Kids

Once I was the center of the universe. Like many of the youth I believed that everything revolved around me. That the heliocentric model was incorrect, because what was the sun in comparison to me and my needs?

 Younger people tend to have such a frosted perception, not only of themselves but of the atmosphere around them. Kids believe that the world is their stage and everyone else just contributes to the performance. As children we didn’t have to plan ahead. Not by a year, not by a month, not even by a day. We lived minute to minute only acknowledging the existence of ourselves. It was so nice living in a world that only was what you wanted it to be. You didn’t have to acknowledge world crisis, or issues amongst humanity.

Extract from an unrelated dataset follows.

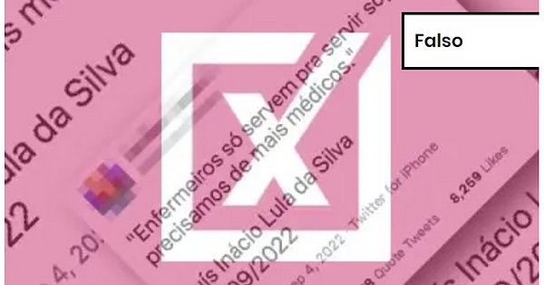 É falso que o ex-presidente Luiz Inácio Lula da Silva (PT) tenha dito que ‘‘enfermeiros só servem para servir sopa, precisamos de mais médicos”. A peça de desinformação foi compartilhada pelo candidato Coronel Tadeu (PL-SP), em um vídeo publicado em um canal próprio no YouTube. Segundo Tadeu, Lula teria dito a frase em 4 de setembro, mesmo dia em que uma decisão do Supremo Tribunal Federal (STF) suspendeu o piso nacional da enfermagem. Nessa mesma data, o presidenciável petista participou de um ato de campanha no ABC Paulista com trabalhadoras domésticas. O encontro foi transmitido ao vivo pela internet e não há qualquer menção ao assunto pelo presidenciável. A informação falsa também constava em um tuíte publicado em conta de apoio a outro candidato a deputado federal e que, posteriormente, foi excluído.
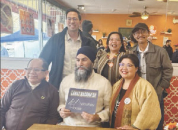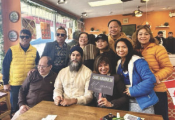 Singh, J. (2025, March 31). Jagmeet Singh poses with the Filipino community during the NDP rally at the Plato Pilipino in Vancouver. Facebook.

You didn’t see evil or pain, because as far as we were concerned, things like that didn’t exist. If you were happy, the rest of the world had to be happy right?  I wish it was as simple as my underdeveloped mind perceived, but as the inevitable task of letting go of your child-self is up to be completed, the concept of stepping out of your comfort zone develops a whole new meaning.

 

Now I am a part of it, the universe. I am a part of history, the present, and the future. We all are. We are part of a system. Not the one that we call society, or the one that people tend to feel oppressed by. I’m talking about the system that everyone is involved in, whether they like it or not.  I am talking about a species. We biologically, evolutionarily, and capability wise, are all the same. I am in someway connected to all of you, and you to others, but we forget that. There are so many layers that are placed in between people, separating them. Color, religion, political affiliation, gender, even technology. We have adapted to see sensitivity as a weakness, and in turn have suppressed the ability to sympathize. No one can dispute certain facts, not even myself. We think that reading an article on Facebook makes us aware of what’s going on, or sharing a post to your timeline can help relieve someone’s ailments. Punching in your credit card number to purchase an item which donates a fraction of the profit has somehow become humanitarian. We have reached the point that when listening to a tragedy on the news, the death toll determines the severity. We breathe a sigh of relief when it is found out only one person has passed. “Thank god it was only one” is something that I have heard often. That was still a life. Someone connected to a family, friends, someone who worked and played a role in the system. One of the biggest falls in this human civilization, has been the rise of desensitization.

 

Everyone can agree that after helping someone it has not only benefited them, but is has also benefited you. Why do we ignore that? Human connection is so powerful, and it can help change the separation in our culture. It can remind us that we should embrace the fact that we are all the same, yet celebrate the things that make us different. We live in fear of feeling sad, or guilty that someone is suffering somewhere else. So we just don’t acknowledge it. Like we did as children, acting as if it does not exist. As we grow up we can no longer be our selfish, child-selves. As we go out into the world we start to affect others, and we have an unspoken responsibility to create a positive impact. If something you see or read causes you to have an emotional reaction, listen to it. If you choose to ignore that feeling due to the common fear, change will not occur. We need to help each other, we all occupy this same space, and everyone has value. We can no longer fear the unknown under the assumption that if we cage it, it can’t hurt us. You will never be able to cage the unknown, it will cage you. Engulfing you into its opaque walls, sucking the ability to experience from your lungs. We were not designed to grow up and remain as selfish children, thus, we should not act like so. In order to progress as a society we need to feel the pain so we can recognize when it’s gone. Get out there, help someone, feel not only for yourself, but for others. Let us regain our humanity.